Они лишь кивнули, вежливо дав понять, что я услышан. Но судя по рожам, скорее сдохнут, чем позовут на помощь. Кто-то рявкнул команду, и иратугцы, быстро выстроившись в оикия, пошли на штурм.

Откровенно говоря, мне было пофиг. Возьмут ли ребята Мокосая свою заветную??? что отстирывает любые пятна, или нет. И у того, и у другого варианта были свои достоинства и свои недостатки.

Оно, конечно, почет и уважение в первом случае Иратуг получит изрядные и авторитет свой среди окрестных царств подымет. …Но это проблемы скорее Леокая и Мордуя. Он их сосед, и это им с ним разбираться. Даже мелькнула подленькая мыслишка, что чем больше будет у этих двух ребят проблем с соседями, тем нужнее будем им мы — ирокезы!

Добычу, в случае своего успеха, Иратуг конечно тоже возьмет немалую. Пусть наши враги и изрядно поиздержались в пути, но ценного барахла (а в мире где ценность представляет даже обработанный кусок камня, не говоря уж о металлах, ценным считается буквально все), я уверен, у них еще много.

Но и людей своих, совершая этот подвиг, Мокосай погубит немало. В Главном лагере ведь наверняка собрались лучшие из лучших — Гвардия Самого Большого Босса, которая наверняка хорошо дерется и в строю, и в поединках единоборцев. Так что цена той добычи тоже может стать колоссальной.

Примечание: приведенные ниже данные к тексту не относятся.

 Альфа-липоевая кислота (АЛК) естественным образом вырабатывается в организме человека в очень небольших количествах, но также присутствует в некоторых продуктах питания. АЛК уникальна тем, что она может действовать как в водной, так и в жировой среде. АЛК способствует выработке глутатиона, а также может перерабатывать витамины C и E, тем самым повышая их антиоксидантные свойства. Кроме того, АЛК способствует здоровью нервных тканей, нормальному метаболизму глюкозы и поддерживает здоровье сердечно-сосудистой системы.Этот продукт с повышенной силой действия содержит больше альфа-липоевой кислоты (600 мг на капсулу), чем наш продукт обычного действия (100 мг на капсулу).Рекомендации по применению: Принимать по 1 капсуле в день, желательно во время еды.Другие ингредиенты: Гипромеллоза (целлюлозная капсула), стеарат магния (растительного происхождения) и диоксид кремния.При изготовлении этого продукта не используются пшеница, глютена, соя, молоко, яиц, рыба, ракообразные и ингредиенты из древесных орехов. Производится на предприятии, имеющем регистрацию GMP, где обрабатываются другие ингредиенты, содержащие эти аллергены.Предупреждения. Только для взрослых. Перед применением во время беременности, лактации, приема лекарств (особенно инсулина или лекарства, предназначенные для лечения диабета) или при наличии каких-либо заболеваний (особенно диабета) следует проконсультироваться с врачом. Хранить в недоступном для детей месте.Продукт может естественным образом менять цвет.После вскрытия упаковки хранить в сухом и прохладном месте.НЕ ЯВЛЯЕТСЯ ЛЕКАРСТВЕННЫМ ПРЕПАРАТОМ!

И лично я такую цену платить не хочу. Мне, по большому счету, сегодня на добычу вообще плевать. Тут столько народа погибло, что даже собранного с поля боя оружия хватит, чтобы перекрыть любую, бравшуюся когда-либо кем-либо добычу.

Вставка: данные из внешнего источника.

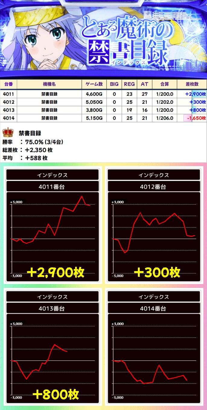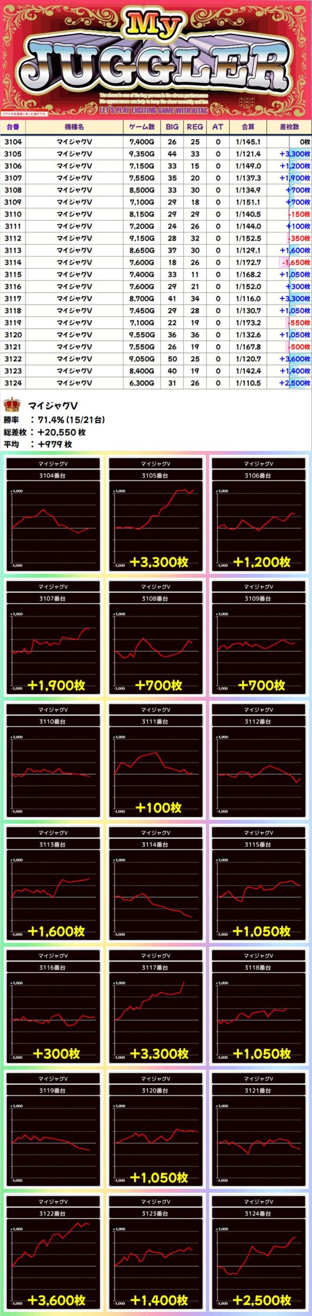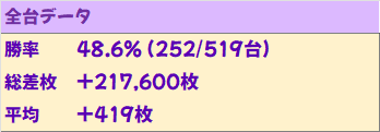 この日は総差枚+21.7万枚、平均+419枚と素晴らしい結果に!

А вот ребят наших губить за всякое аиотеекское барахло мне было жалко. Так что пусть берет себе и Славу, и Добычу, и тыщу бочек Маны в придачу. …Если конечно сможет взять!

А если нет… Моих же все равно не остановить. Не найдут драки и добычи здесь, полезут искать ее в другом месте и тоже нарвутся на неприятности. Так уж лучше попытаться сразу урвать самый большой кусок, учитывая, что идущие первыми иратугцы ослабят врага. Не слишком благородно конечно, но не я этот мир придумал!

…А дела иратугцев были далеки от идеала. Мокосай, или кто там сейчас командовал за него, повел своих штурмовать баррикады в плотном строю, так что надо ли говорить, как тяжко им пришлось при попытке ворваться в лагерь? Больше половины оикия вообще застряли перед завалами, а те что смогли перейти через них, были разрозненны и быстро разбиты на отдельных вояк, действующих хаотично и беспорядочно, без всякого плана.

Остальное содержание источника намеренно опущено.